Further, in this study, we investigated sex differences in the presence of ACE I/D allele and/or genotype distributions in RAS and demonstrated that the frequency of the II homozygotes was lower in comparison with other genotypes in women, but not in men with RAS. Some studies have reported that gonadal hormones might affect ACE activity through the ACE gene more in women than in men [36] and confirmed evidence that gene regulation of the RA system is strongly influenced by testosterone and estrogen; this may to some extent explain the sexual dimorphism found [37]. The hypothesis that sex steroids alter the activity of the RA system was also confirmed by Sandberg and Ji in their review [38], but much still remains unknown about the molecular mechanisms by which estrogen and androgen alter the system. Therefore, the significant effect of sex found in this study could be a marker for some unmeasured variables that may explain the observed interactions.

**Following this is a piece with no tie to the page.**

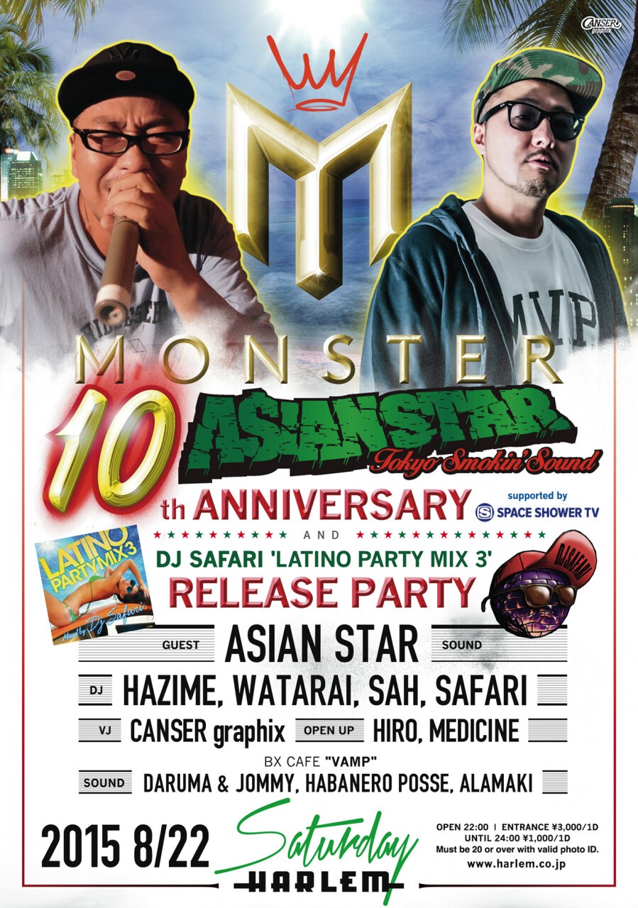 HARLEMの音の根幹をなすREGULAR PARTYを牽引する5TOP DJ、HAZIME, WATARAI, KOYA, KANGO, SAFARIが一堂に集まり土曜日を完全燃焼させる"MONSTER"。圧倒的なパワーと爆発力で他の追随を許さない。5th sat.には世界的に活躍するDJ LEADが登場。

Limitations of our study are related to the case–control approach which is vulnerable to population stratification. However, all our subjects were selected from a relatively homogeneous population. The next complicating factor is that the small number of subjects enrolled, especially in the group of RAS patients, may limit the statistical power of this study. Especially, our results of ACE gene-by-sex interaction in relation to increased/decreased risk of RAS should be taken carefully. Further, we did not directly study the association between gene polymorphisms and the plasma ACE levels. Nevertheless, the ACE genotypes have been previously clearly associated with the plasma and tissue levels of ACE.

In contrast to limitations, the strength of the study is the fact that we focused on five polymorphisms in the ACE gene in RAS and that this study provides the first haplotype analysis in this disease. Compared with an isolated study of only one polymorphism, the involvement of the haplotypes may better reveal biological effects caused by an interaction of several polymorphisms in a complex multifactorial disease.

Conclusion

In summary, this study represents the first evidence of association between ACE polymorphisms and RAS in European Caucasians. Although the causal effect of ACE variants on the development of RAS is not clear, our results confirm the previous findings of association between ACE I/D polymorphism and RAS in a Turkish population. However, further studies in larger independent cohorts are required to prove our results.